● Information supplied
----------
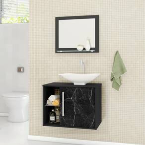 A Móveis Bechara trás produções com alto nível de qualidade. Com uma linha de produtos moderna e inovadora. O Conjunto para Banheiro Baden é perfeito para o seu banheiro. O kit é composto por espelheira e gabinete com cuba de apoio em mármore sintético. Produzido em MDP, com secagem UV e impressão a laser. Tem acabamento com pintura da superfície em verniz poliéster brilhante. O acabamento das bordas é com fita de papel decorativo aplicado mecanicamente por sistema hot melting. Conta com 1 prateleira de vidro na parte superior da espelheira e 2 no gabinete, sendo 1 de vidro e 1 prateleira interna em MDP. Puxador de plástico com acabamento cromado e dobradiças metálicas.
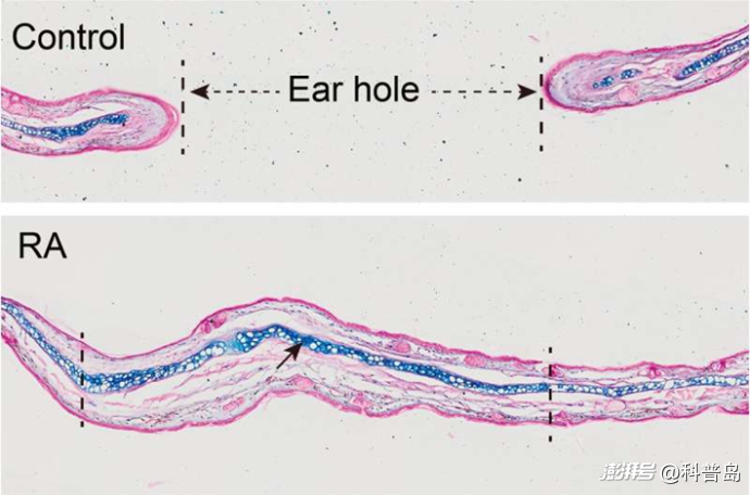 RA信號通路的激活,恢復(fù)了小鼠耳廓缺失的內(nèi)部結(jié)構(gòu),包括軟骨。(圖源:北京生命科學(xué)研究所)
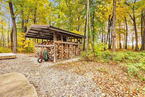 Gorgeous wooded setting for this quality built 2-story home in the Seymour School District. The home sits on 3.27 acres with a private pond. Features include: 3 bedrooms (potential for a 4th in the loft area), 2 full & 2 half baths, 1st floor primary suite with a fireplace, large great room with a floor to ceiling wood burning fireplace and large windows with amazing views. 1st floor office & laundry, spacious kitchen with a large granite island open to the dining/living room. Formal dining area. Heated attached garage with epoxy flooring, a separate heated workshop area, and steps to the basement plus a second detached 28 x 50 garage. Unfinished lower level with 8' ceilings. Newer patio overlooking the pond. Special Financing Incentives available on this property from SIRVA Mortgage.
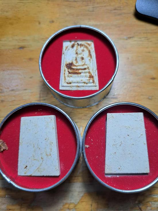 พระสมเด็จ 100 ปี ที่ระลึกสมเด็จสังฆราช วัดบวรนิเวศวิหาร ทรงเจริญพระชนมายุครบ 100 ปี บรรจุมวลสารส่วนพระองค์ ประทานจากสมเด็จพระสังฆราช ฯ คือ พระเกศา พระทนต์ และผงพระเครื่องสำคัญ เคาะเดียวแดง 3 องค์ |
----------
● Problem to solve
Could you set down, exactly as written, every line from the one with "RA信號通路的激活,恢復(f" to the end of the data, both ends included? Leave out the pictures.

● Your solution
 RA信號通路的激活,恢復(fù)了小鼠耳廓缺失的內(nèi)部結(jié)構(gòu),包括軟骨。(圖源:北京生命科學(xué)研究所)
 Gorgeous wooded setting for this quality built 2-story home in the Seymour School District. The home sits on 3.27 acres with a private pond. Features include: 3 bedrooms (potential for a 4th in the loft area), 2 full & 2 half baths, 1st floor primary suite with a fireplace, large great room with a floor to ceiling wood burning fireplace and large windows with amazing views. 1st floor office & laundry, spacious kitchen with a large granite island open to the dining/living room. Formal dining area. Heated attached garage with epoxy flooring, a separate heated workshop area, and steps to the basement plus a second detached 28 x 50 garage. Unfinished lower level with 8' ceilings. Newer patio overlooking the pond. Special Financing Incentives available on this property from SIRVA Mortgage.
 พระสมเด็จ 100 ปี ที่ระลึกสมเด็จสังฆราช วัดบวรนิเวศวิหาร ทรงเจริญพระชนมายุครบ 100 ปี บรรจุมวลสารส่วนพระองค์ ประทานจากสมเด็จพระสังฆราช ฯ คือ พระเกศา พระทนต์ และผงพระเครื่องสำคัญ เคาะเดียวแดง 3 องค์ |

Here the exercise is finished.